Not sure where the duplicate metric error is coming from:

In [8]: df.columns
Out[8]:
['country',
 'indicator',
 '2000',
 '2001',
 '2002',
 '2003',
 '2004',
 '2005',
 '2006',
 '2007',
 '2008',
 '2009',
 '2010',
 '2011',
 '2012',
 '2013',
 '2014',
 '2015',
 '2016',
 '2017']

The error occurs without the subsequent explode call as well.

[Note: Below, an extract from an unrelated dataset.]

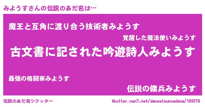 | ヘコむあだ名 | 『みようす(小並感)』『みよにー』 |

ritchie46 commented 1 year ago

Try concat_list. I agree that this a bit confusing. But pl.list() is syntactic sugar for pl.col(..).list(), and we have expression expansion logic on multiple columns passed so your expression: pl.list(["2000", "2001"]) expands to:

[
    pl.col("2000").alias("metric"),
    pl.col("2001").alias("metric"),
]

Selecting two columns that don't exist and renaming them both to "metric", hence the duplication error.

cpcloud commented 1 year ago

@ritchie46 Circling back, is there a way to do what I'm asking for here (pairwise unnest)?

I'd be okay with a solution that requires calling DataFrame.explode, but as of now it seems like there just isn't a way to express simultaneous unnesting of array columns with the semantics of the SQL above.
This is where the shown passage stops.